不包括当前行的滚动窗口 [英] Rolling windows excluding current rows
本文介绍了不包括当前行的滚动窗口的处理方法,对大家解决问题具有一定的参考价值,需要的朋友们下面随着小编来一起学习吧!
问题描述
这是一个数据框示例:
days = ['2019-07-04 17:02:03', '2019-07-04 17:03:03',
'2019-07-04 18:04:03', '2019-07-04 19:05:03',
'2019-07-04 21:06:03', '2019-07-04 21:36:03',
'2019-07-04 21:50:03', '2019-07-04 22:10:03']

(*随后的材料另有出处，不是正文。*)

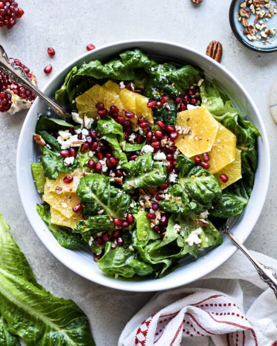 Pecans bring wonderful crunch and richness without weighing down the salad. This is incredibly easy to throw together and looks absolutely stunning on your Christmas table with its red and green colors.
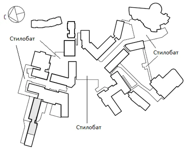 Стилобат представляет собой двухуровневое подземное сооружение с надземной, 3-х этажной встроено/пристроенной административной частью. Функциональная особенность стилобата заключается в объединении всех элементов инфраструктуры курорта. Его конструкция предполагает размещение на подземных этажах транспортных и пешеходных галерей, которые связывают в единую сеть отели, конгресс-центр и спа-центр. Благодаря такому решению весь транспорт, погрузка-разгрузка, иные технологические процессы можно проводить под землей и не нарушать отдых туристов, а также не зависеть от погодных условий, что немаловажно в условиях снежного климата Камчатки. Для посетителей курорта также предусмотрены пешеходные галереи между зданиями, что повышает комфорт перемещения в плохую погоду.

ddf = pd.DataFrame({'Val': [0, 1, 2, 1, 4,1,3,1],'Cat':["A","A","A","A","B","B","B","B"]},
index= days)
ddf.index = pd.to_datetime(ddf.index)
Val Cat
2019-07-04 17:02:03 0 A
2019-07-04 17:03:03 1 A
2019-07-04 18:04:03 2 A
2019-07-04 19:05:03 1 A
2019-07-04 21:06:03 4 B
2019-07-04 21:36:03 1 B
2019-07-04 21:50:03 3 B
2019-07-04 22:10:03 1 B
如果我应用 1 小时窗口的滚动总和,我会得到这个:
If I apply rolling sum with 1 hour windows I get this:
ddf.groupby("Cat")["Val"].rolling("1h").sum().rename('sum_last_hour')
Cat
A 2019-07-04 17:02:03 0.0
2019-07-04 17:03:03 1.0
2019-07-04 18:04:03 2.0
2019-07-04 19:05:03 1.0
B 2019-07-04 21:06:03 4.0
2019-07-04 21:36:03 5.0
2019-07-04 21:50:03 8.0
2019-07-04 22:10:03 5.0
Name: sum_last_hour, dtype: float64
Name: sum_last_hour, dtype: float64
但我想得到这个:
Cat
A 2019-07-04 17:02:03 NaN
2019-07-04 17:03:03 0.0
2019-07-04 18:04:03 NaN
2019-07-04 19:05:03 NaN
B 2019-07-04 21:06:03 NaN
2019-07-04 21:36:03 4.0
2019-07-04 21:50:03 5.0
2019-07-04 22:10:03 4.0
Name: sum_last_hour, dtype: float64
所以如果有意义的话,我基本上想从滚动总和中排除当前行......我尝试使用 shift() 但目前没有成功.感谢您的帮助!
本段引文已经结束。